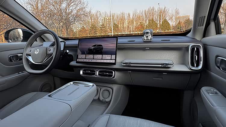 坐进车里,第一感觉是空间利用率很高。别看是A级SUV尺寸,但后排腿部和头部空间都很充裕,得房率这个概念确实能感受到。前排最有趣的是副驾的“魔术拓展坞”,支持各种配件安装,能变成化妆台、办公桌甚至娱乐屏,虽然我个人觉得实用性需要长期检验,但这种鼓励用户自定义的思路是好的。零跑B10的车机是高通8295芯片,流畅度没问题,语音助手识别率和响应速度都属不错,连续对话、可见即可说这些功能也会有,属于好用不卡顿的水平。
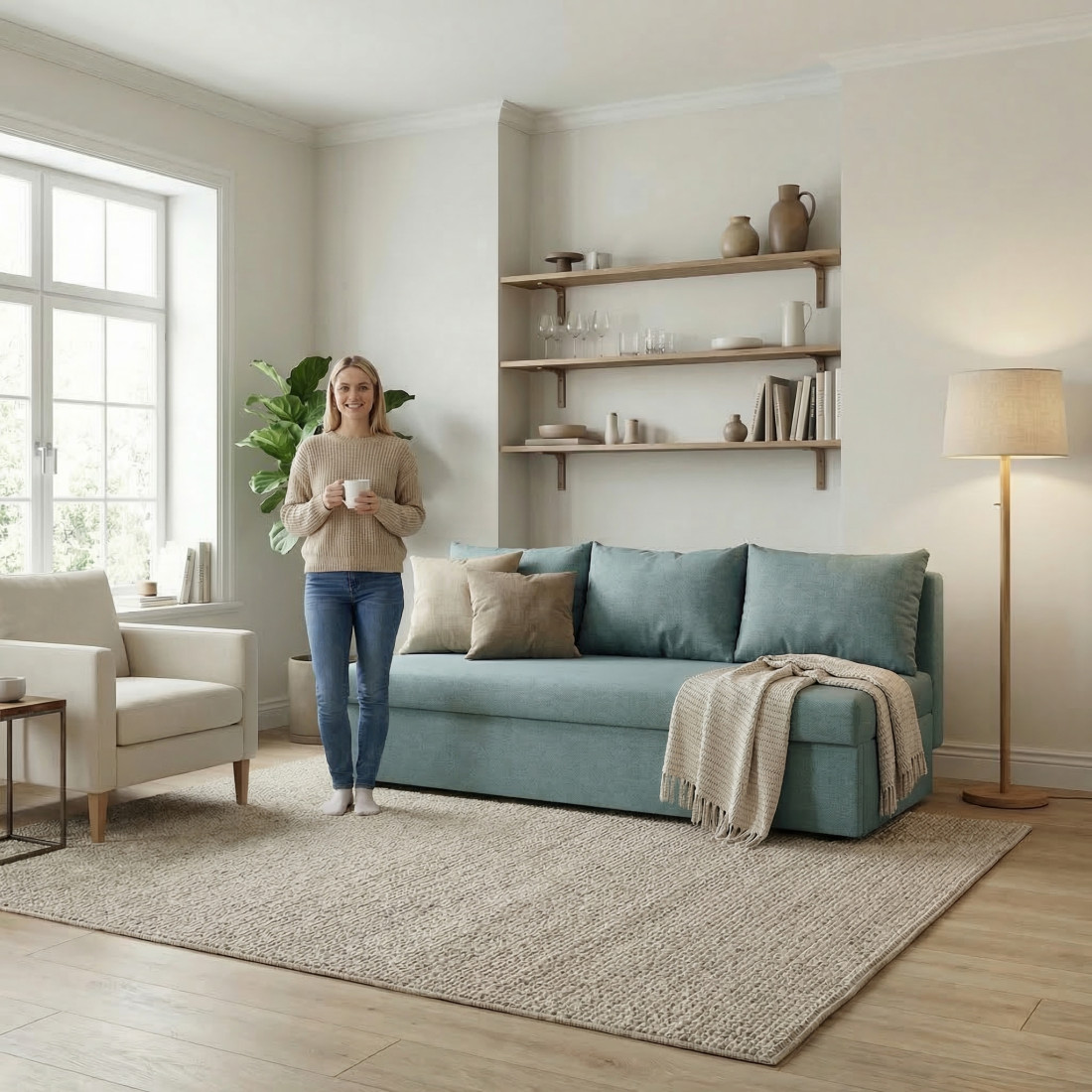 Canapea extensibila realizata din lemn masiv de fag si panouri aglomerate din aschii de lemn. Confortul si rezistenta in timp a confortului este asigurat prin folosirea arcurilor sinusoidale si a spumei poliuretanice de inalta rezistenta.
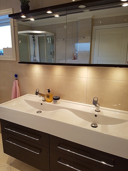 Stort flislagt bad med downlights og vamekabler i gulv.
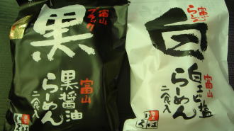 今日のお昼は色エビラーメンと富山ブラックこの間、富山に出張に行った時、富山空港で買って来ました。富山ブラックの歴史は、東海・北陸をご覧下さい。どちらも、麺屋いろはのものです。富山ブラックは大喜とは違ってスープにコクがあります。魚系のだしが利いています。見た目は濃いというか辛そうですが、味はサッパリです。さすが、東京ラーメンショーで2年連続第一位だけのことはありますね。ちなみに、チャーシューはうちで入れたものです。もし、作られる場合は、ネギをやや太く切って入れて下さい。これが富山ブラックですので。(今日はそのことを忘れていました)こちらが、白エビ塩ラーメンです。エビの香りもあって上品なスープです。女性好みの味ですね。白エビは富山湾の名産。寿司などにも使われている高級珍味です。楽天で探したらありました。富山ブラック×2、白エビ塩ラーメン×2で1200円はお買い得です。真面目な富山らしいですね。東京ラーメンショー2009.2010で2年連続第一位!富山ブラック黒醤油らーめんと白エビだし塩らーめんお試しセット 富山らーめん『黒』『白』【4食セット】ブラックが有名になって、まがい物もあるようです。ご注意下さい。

☆ ☆ ☆

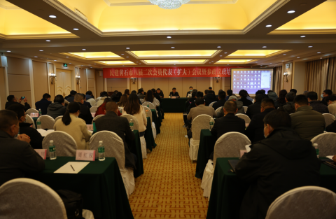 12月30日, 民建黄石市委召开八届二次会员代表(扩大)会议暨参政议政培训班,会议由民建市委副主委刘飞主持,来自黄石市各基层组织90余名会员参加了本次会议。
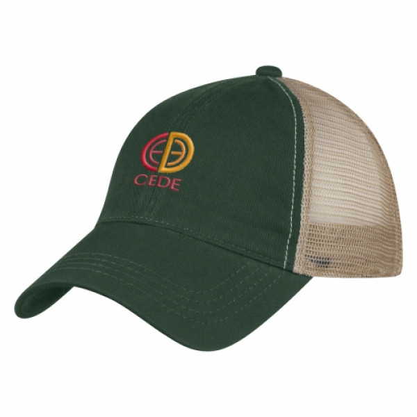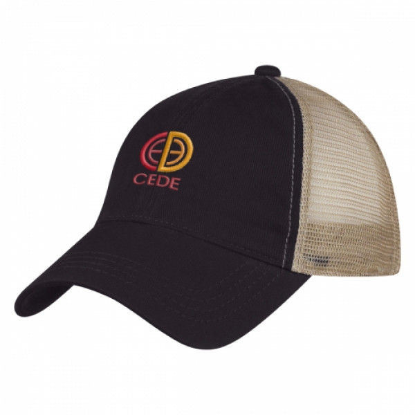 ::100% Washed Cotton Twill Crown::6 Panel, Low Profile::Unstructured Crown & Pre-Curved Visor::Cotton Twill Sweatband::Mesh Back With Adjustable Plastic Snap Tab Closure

☆ ☆ ☆

#### Exercise instructions:
Above are the records. Copy word for word only their lines from the one holding "坐进车里,第一感觉是空间利用" through the one holding "Stort flislagt bad", both included, and skip the images.

#### Answer to the exercise:
 坐进车里,第一感觉是空间利用率很高。别看是A级SUV尺寸,但后排腿部和头部空间都很充裕,得房率这个概念确实能感受到。前排最有趣的是副驾的“魔术拓展坞”,支持各种配件安装,能变成化妆台、办公桌甚至娱乐屏,虽然我个人觉得实用性需要长期检验,但这种鼓励用户自定义的思路是好的。零跑B10的车机是高通8295芯片,流畅度没问题,语音助手识别率和响应速度都属不错,连续对话、可见即可说这些功能也会有,属于好用不卡顿的水平。
 Canapea extensibila realizata din lemn masiv de fag si panouri aglomerate din aschii de lemn. Confortul si rezistenta in timp a confortului este asigurat prin folosirea arcurilor sinusoidale si a spumei poliuretanice de inalta rezistenta.
 Stort flislagt bad med downlights og vamekabler i gulv.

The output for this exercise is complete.